第375話 フィオレンツォ・ジブラルタ
フィオレンツォが射殺さんばかりの目つきでローズを睨みつける。初めて海底迷宮の30階層で会った時のように、気障ったらしい笑みを浮かべる余裕は無いようだ。
「ずいぶんな挨拶だな、ロゼリア! ジブラルタ王国、王位継承順位第一位の私に対し、言うに事欠いて逆臣だと? 何の根拠があって、そのような世迷いごとを言っている!」
フィオレンツォは、唾を吐き散らしつつ怒声を上げた。まあそうだよな。想定通りの反応だ。
さて、ローズに替わって俺が応じよう。さっきは予め決めていた啖呵を切らせたが、討論となるとさすがにローズには荷が重い。まあ、俺も弁が立つわけではないが、ローズよりはマシだろう。

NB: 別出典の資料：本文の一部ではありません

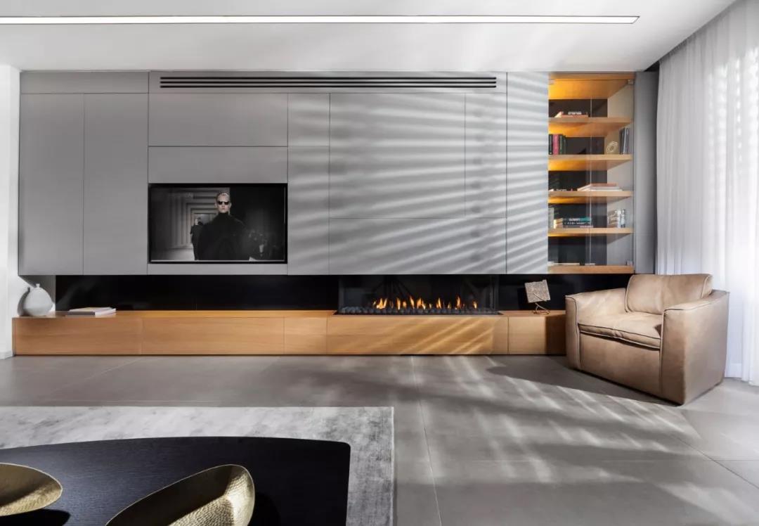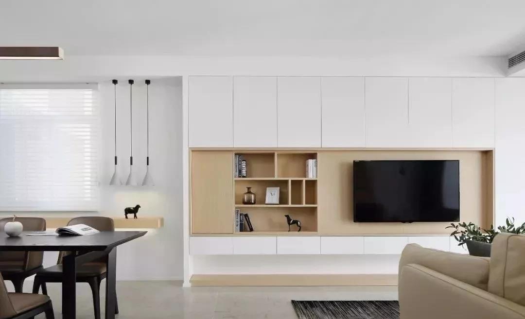 与传统意义的电视墙有较大区别,只是为了空间的延续,设计了电视墙,以往的电视墙讲究造型,好看,而现在,电视墙更简洁,低调,侧重实用与收纳。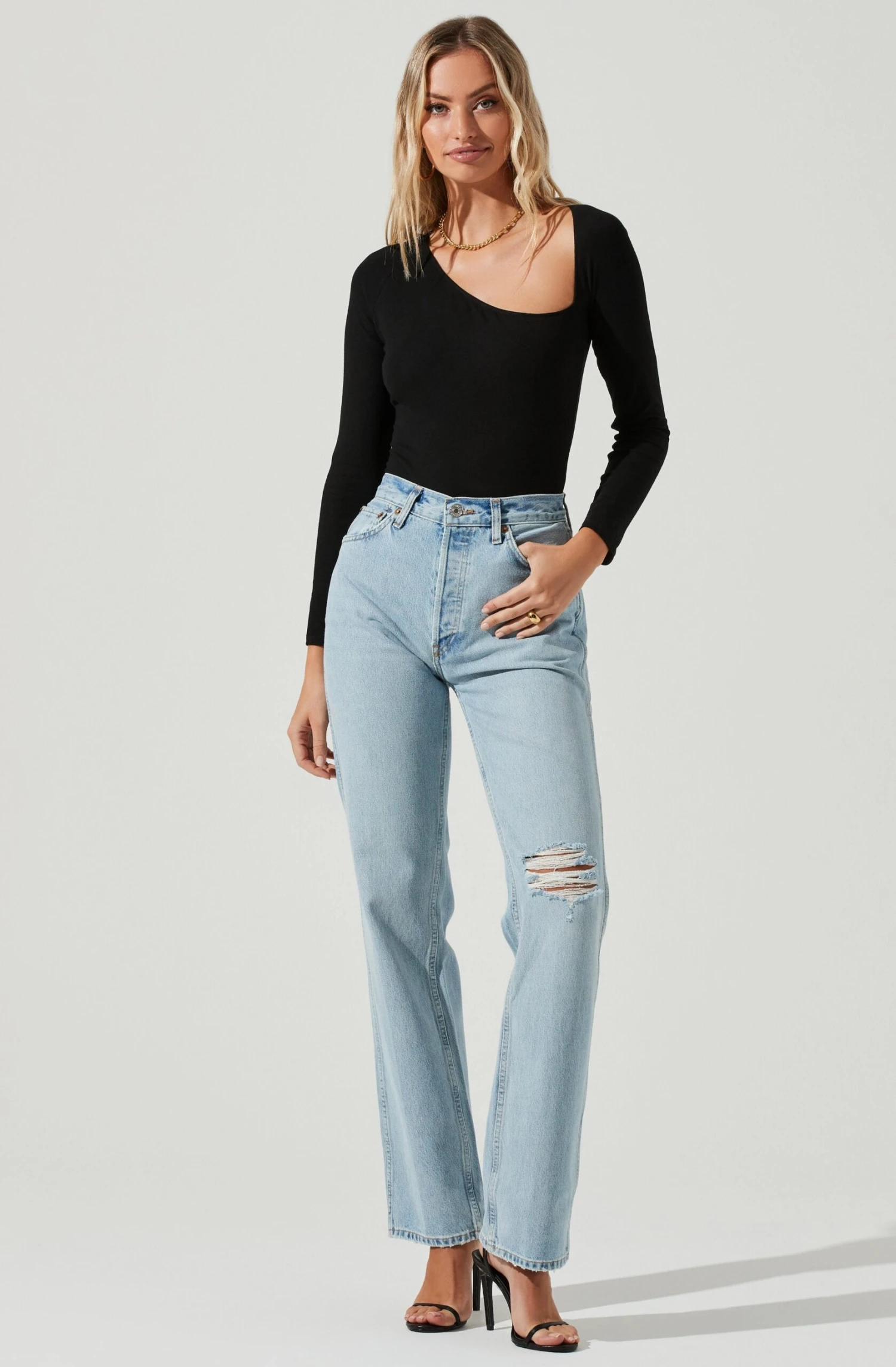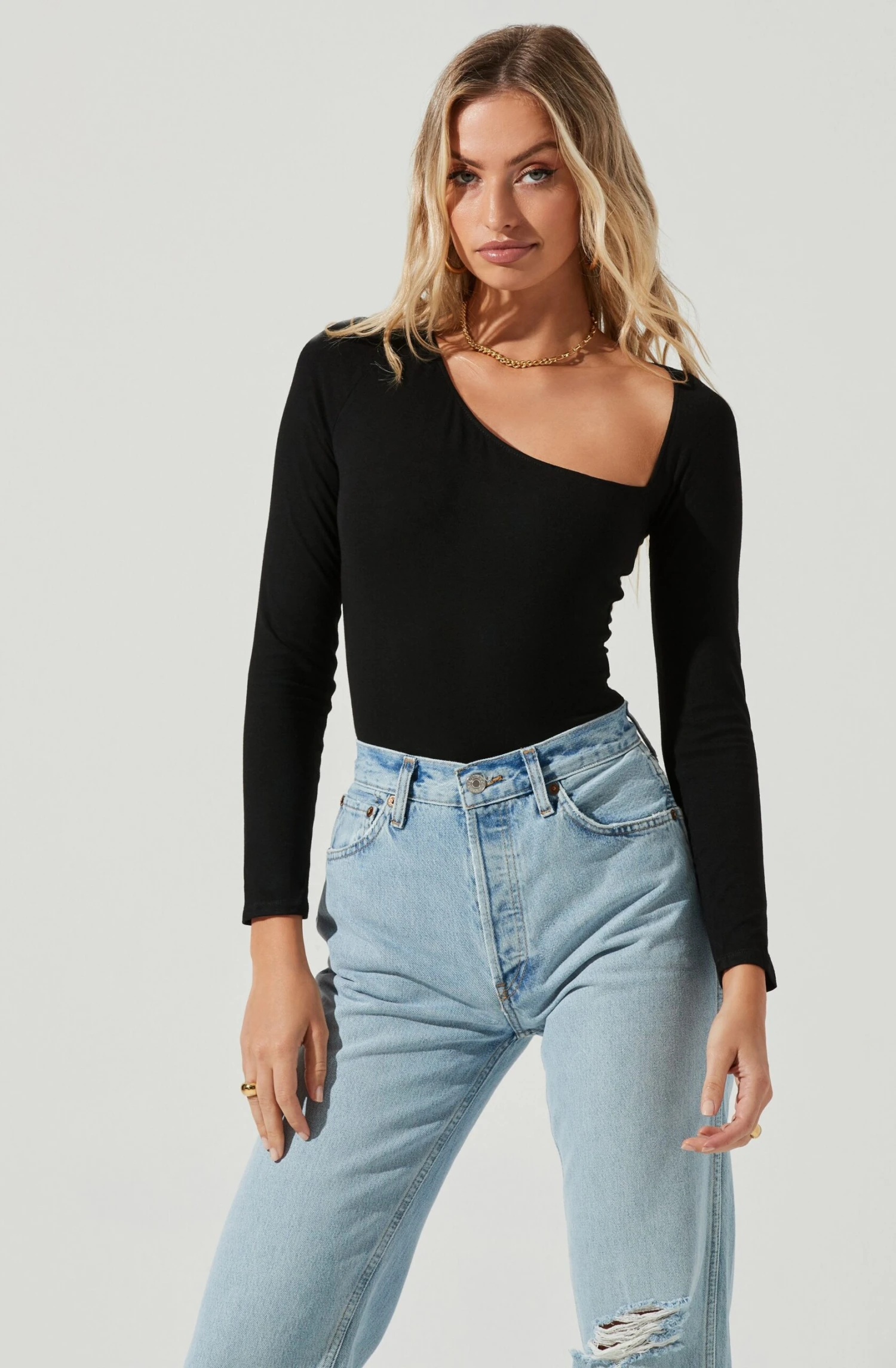 Giving you chic and effortless in one style. The Vivica Bodysuit features a flattering asymmetrical neckline that leads to a fitted silhouettes with long sleeves. Attached bottoms have two snap closures.

「フィオレンツォ・ジブラルタ! 『鋼の鎧』の傭兵が、貴様からウェイクリング領オークヴィルの襲撃を依頼されたと証言している! 無辜の民を一方的に惨殺した貴様の行いは、平和を願うジブラルタ女王陛下の施政に、そして種族間の争いを嘆いた神龍ルクス様のご意思にも背くものだ! これを逆臣と言わずしてなんと言う!」
俺はジブラルタ兵達に聞こえるように大声で反論する。俺の発言を聞き、兵達の間でどよめきが起きた。
オークヴィルを襲われたと言いがかりをつけ、ジブラルタ王国領に侵攻してきたウェイクリング領兵軍を追い返す……と彼らは聞いていただろう。だとしたら、俺の発言は彼等の言い分を根底から覆すものなのだ。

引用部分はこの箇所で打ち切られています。